*EXERCISE DATA*:
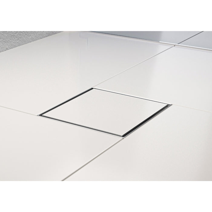 The Watercourse collection offers a variety of shower drains with multiple finish options. Choices range from simple, subtle grid-style floor drains to elaborate embossed floral patterns. The drains are compatible with both square and circular openings and can be installed in various ways. Refer to each drain's specifications for dimensions and compatibility details. One option is a minimalist 6" x 6" square flange drain. It has a solid plate that allows water to flow through narrow slots on all four sides, maintaining a streamlined look. The flange fits over a circular hair catcher, preventing debris from entering the drain while keeping an understated yet elegant style.
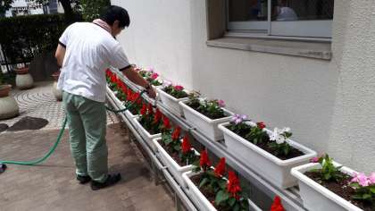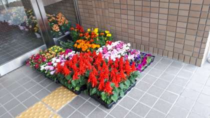 PTA緑化活動の素敵な花の苗が届きましたが、例年は保護者の皆さんといっしょに植えるのですが、今年は現状を鑑みて管理作業員さんがプランターに植え替えてくれました。
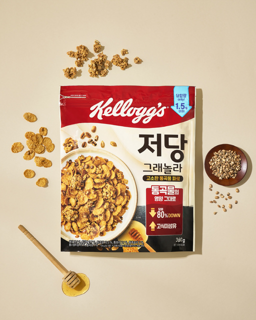 대표적으로 켈로그는 저당 그래놀라 제품에 통곡물과 식이섬유를 전면에 배치했다. 당류를 대폭 낮추는 대신 올리고당, 꿀, 스테비아 등을 활용해 단맛의 이질감을 줄이고, 고대곡물 '파로'를 포함한 통곡물 7종과 식이섬유를 더해 포만감과 식감을 보완하는 방식이다. 당을 줄인 뒤 생길 수 있는 허전함을 원료 구성으로 상쇄한 사례로, '저당=가벼움'이라는 인식을 '저당=균형 잡힌 한 끼'로 확장하려는 시도로 읽힌다.
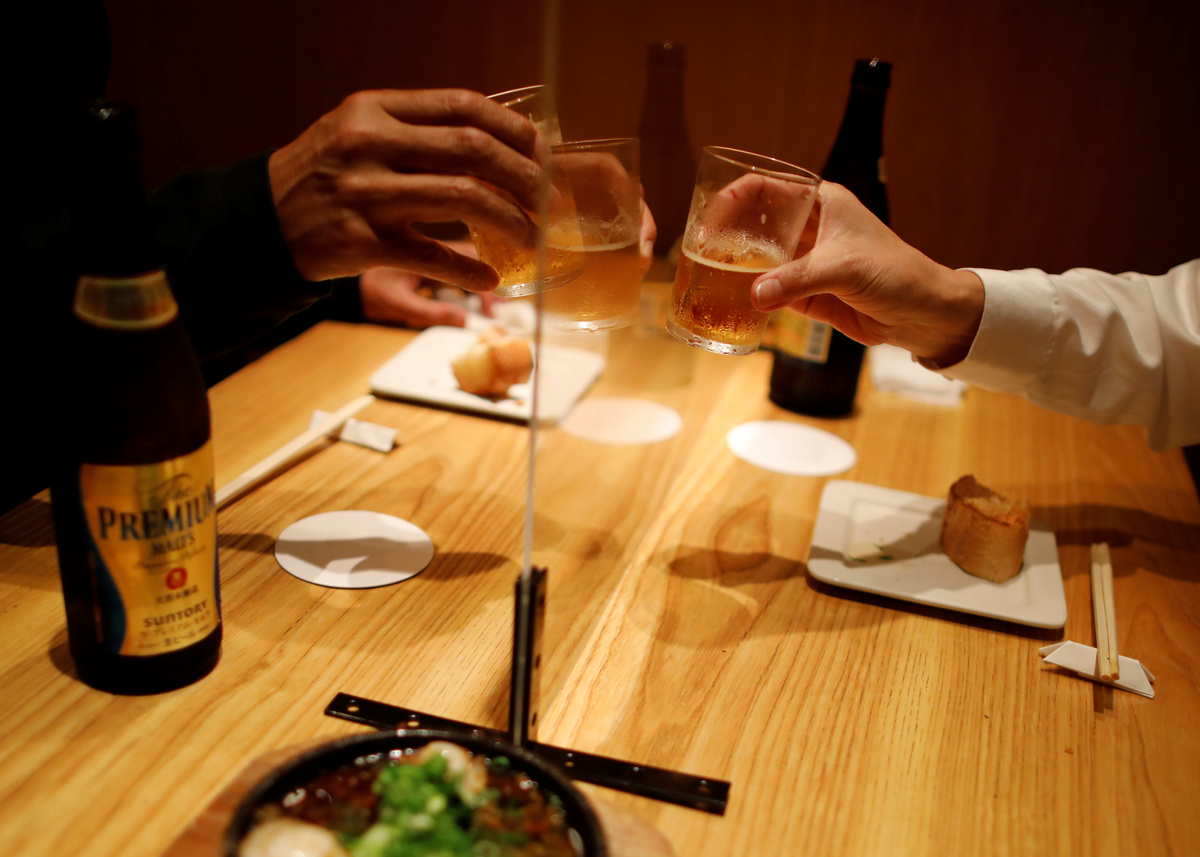 Customers toast beers across plastic transparent board on a table installed as a measure to prevent an infection with the coronavirus disease (COVID-19) at Kichiri Shinjuku, a Japanese style pub known as an 'izakaya', in Tokyo, Japan May 19, 2020. REUTERS/Issei Kato
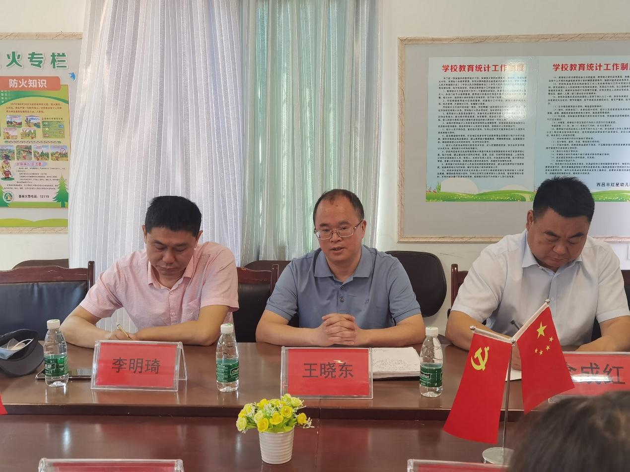 王晓东副校长一行首先到西昌市红星幼儿园总园调研,参观了园所环境,详细了解园所教育活动开展和学生实习情况。随后在红星幼儿园教研办公室召开了西昌民族幼专2022实习生汇报暨教育实践基地园教学研讨座谈会。
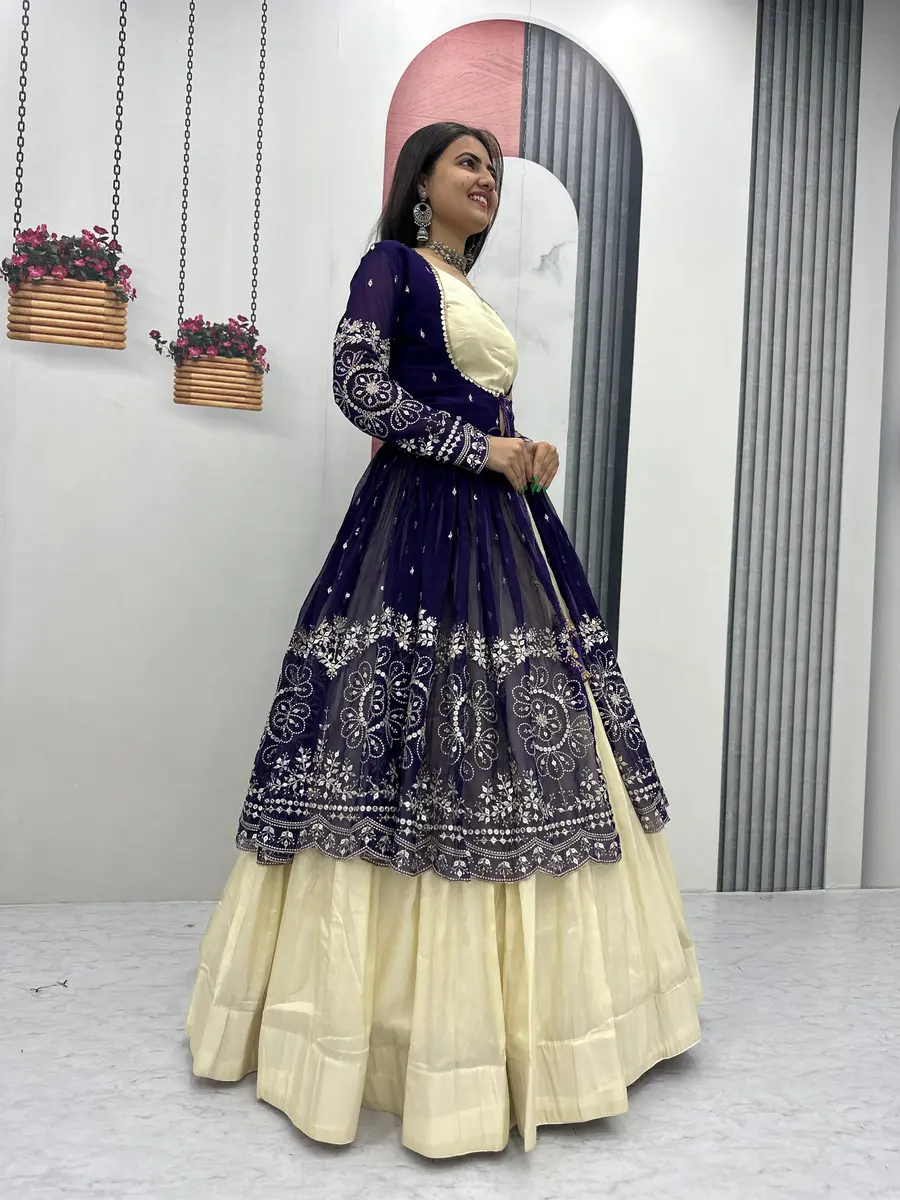 DESIGNER SHIMMER COSMOS PLAIN LEHENGA CHOLI WITH THREAD AND SEQUENCE WORK SHRUG PURPLE
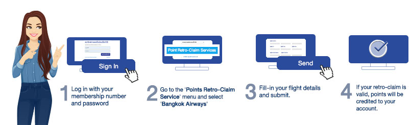 (Members can retrospectively claim FlyerBonus points on Bangkok Airways flights up to 180 days from the date of travel and must be in the applicable period according to this offer.)
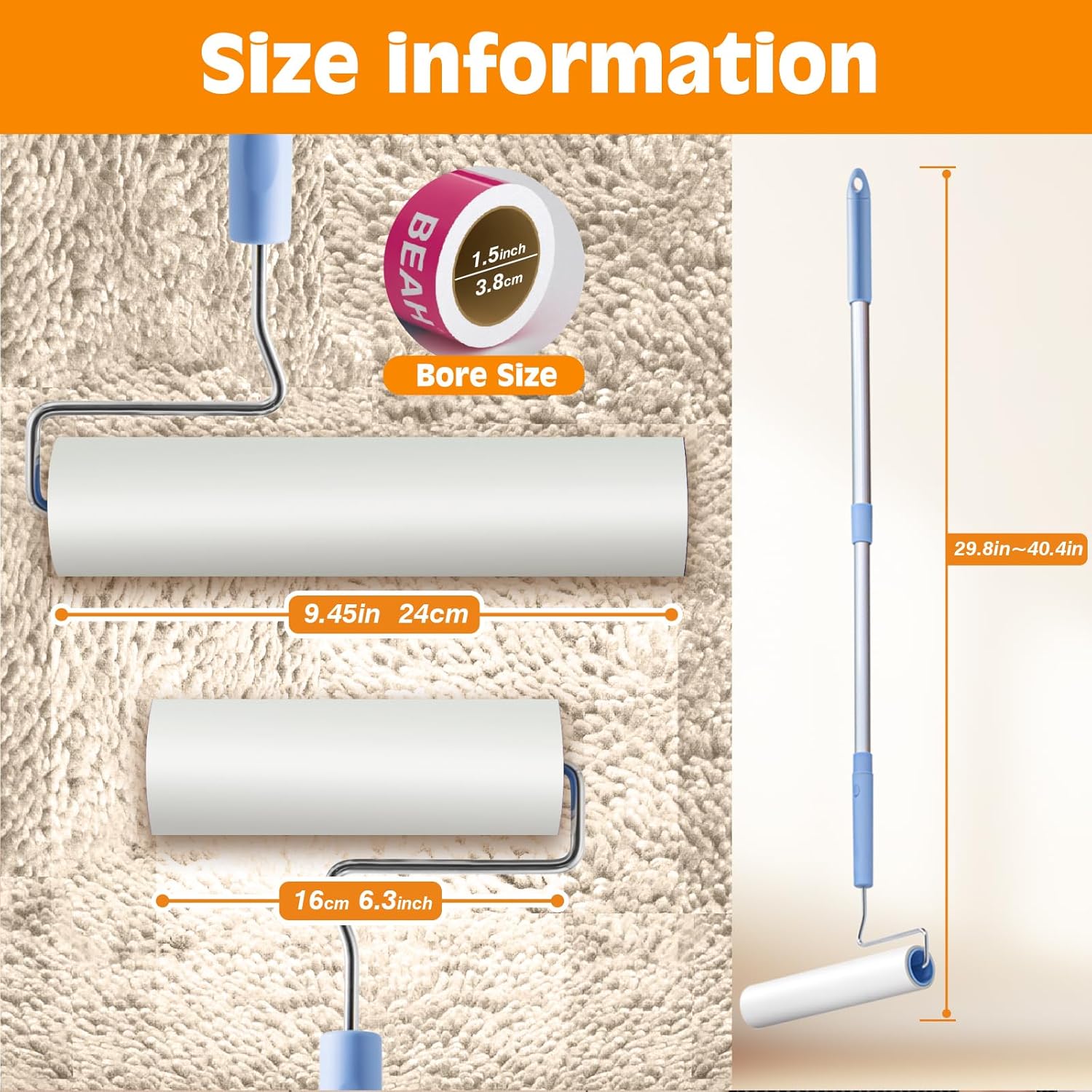 • Detachable Extendable Aluminum Alloy Handle & Dual Rollers:Durable aluminum alloy handle extends up to 40.4" to reach high spots like curtains and ceiling corners, and detaches when not needed for portable cleaning. Two roller sizes ensure versatile use—perfect for clothing, furniture, carpets, and even car seats.

*EXERCISE DETAILS*: Between and including the line with "대표적으로 켈로그는 저당" and the line with "Customers toast beers", repeat every line exactly as it appears above, with pictures left out.

*SOLUTION TO THIS TASK*:
 대표적으로 켈로그는 저당 그래놀라 제품에 통곡물과 식이섬유를 전면에 배치했다. 당류를 대폭 낮추는 대신 올리고당, 꿀, 스테비아 등을 활용해 단맛의 이질감을 줄이고, 고대곡물 '파로'를 포함한 통곡물 7종과 식이섬유를 더해 포만감과 식감을 보완하는 방식이다. 당을 줄인 뒤 생길 수 있는 허전함을 원료 구성으로 상쇄한 사례로, '저당=가벼움'이라는 인식을 '저당=균형 잡힌 한 끼'로 확장하려는 시도로 읽힌다.
 Customers toast beers across plastic transparent board on a table installed as a measure to prevent an infection with the coronavirus disease (COVID-19) at Kichiri Shinjuku, a Japanese style pub known as an 'izakaya', in Tokyo, Japan May 19, 2020. REUTERS/Issei Kato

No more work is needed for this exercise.